ID mapping
Two systems rarely share the same identifiers for the same entity. Hubspot says contact 123, your warehouse says customer WHS-9981, the e-shop says user 42. The moment you sync between them you need a way to remember "Hubspot's 123 is the same person as warehouse's WHS-9981". That mapping is what this pattern is about.
When you need it #
You need an ID mapping table whenever:
- You sync the same entity in two directions and need to avoid creating duplicates on the round trip.
- The remote system assigns its own id on creation, and you need to remember it for future updates.
- You sync between more than two systems and need a single canonical id that all sides agree on.
You don't need it for one-way fire-and-forget feeds where you never read back the receiving side.
Two shapes #
Pairwise mapping #
The simplest shape. One row per (source system, source id, target system, target id). Easy to query in either direction, easy to grow to a third system later, easy to inspect in a database.
| source_system | source_id | target_system | target_id |
|---|---|---|---|
| hubspot | 123 | warehouse | WHS-9981 |
| eshop | 42 | warehouse | WHS-9981 |
To answer "what is the warehouse id for hubspot 123?" you read the row directly. To answer "what is the eshop id for warehouse WHS-9981?" you join two rows.
Canonical id #
A second shape adds a stable internal id and maps every external system to it.

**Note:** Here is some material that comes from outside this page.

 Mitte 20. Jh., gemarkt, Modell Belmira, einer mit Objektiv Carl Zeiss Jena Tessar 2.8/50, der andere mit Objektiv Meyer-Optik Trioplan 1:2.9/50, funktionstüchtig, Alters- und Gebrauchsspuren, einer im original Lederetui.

| canonical_id | system | external_id |
|---|---|---|
| C-000123 | hubspot | 123 |
| C-000123 | warehouse | WHS-9981 |
| C-000123 | eshop | 42 |
Useful when you sync many systems and want a stable identity that does not depend on any one of them. More work to maintain.
Where to store it #
Store the table where it survives a worker restart, not in worker memory. Use your own database — a small id_mapping table (or collection) read and written from a custom node. Any engine you already operate (PostgreSQL, MySQL, MongoDB) is fine; the access pattern is a primary-key lookup and an upsert.

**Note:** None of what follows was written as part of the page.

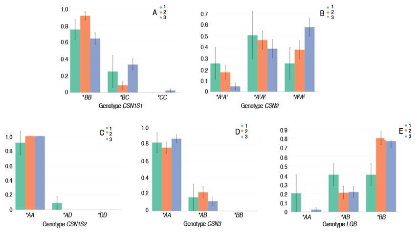 Figure 2: Genotypic frequencies of CSN1S1 (A), CSN2 (B), CSN1S2 (C), CSN3 (D), and LGB (E) genes by generation (generation 1: cattle born before 2010; generation 2: animals born between 2010 and 2015; generation 3: individuals born between 2016 and 2021) in the Lucerna breed.

Application install settings is not a mapping store. It is for configuration (endpoints, credentials, feature flags, fixed reference values) and putting synced runtime data there couples it to the install lifecycle and turns reads into expensive settings fetches. Treat it as an anti-pattern even for small mappings.
Defence in depth: write the inverse id back into the systems #
Whenever an integrated system offers a custom field, an external reference attribute, or any free-form metadata slot on the entity, also write the foreign id there — Hubspot contacts get a warehouse_id custom property, warehouse records get a hubspot_id field, e-shop customers get both. The mapping table stays the source of truth; these inline ids are a backup that lets you reconstruct the mapping by walking the entities on both sides if the table is ever lost (corrupted backup, accidental truncate, tenant migration gone wrong). Without this, recovery falls back to fuzzy matching on business keys, which is slow and produces duplicates. Do it where the systems allow it.
Where in the topology to use it #
Two nodes per direction:
- Resolve. A custom node early in the topology takes the source id and looks up the target id. If found, the message proceeds. If not found, the message branches to the "create" path.
- Persist. When you create a record on the other side, a custom node writes the new pair into the mapping table before downstream consumers read it.
// resolve node
public async processAction(dto: ProcessDto): Promise<ProcessDto> {
const data = dto.getJsonData() as { hubspotId: string };
const warehouseId = await this.idMappingRepo.find('hubspot', data.hubspotId, 'warehouse');
if (warehouseId) {
dto.setJsonData({ ...data, warehouseId });
return dto;
}
dto.setStopProcess(ResultCode.DO_NOT_CONTINUE, 'no-mapping');
return dto;
}
Operational notes #
- Conflicts. Two parallel processes can race to create the same mapping. Use a unique constraint on (source_system, source_id, target_system) and treat duplicate-key errors as "already mapped, fine".
- Backfilling. When you add a new system to an existing landscape, run a one-off topology that reads existing entities from both sides and writes the initial mapping rows.
- Auditability. Mapping rows are forensic gold when something looks wrong in a synced record. Keep
created_atandcreated_by_topologycolumns.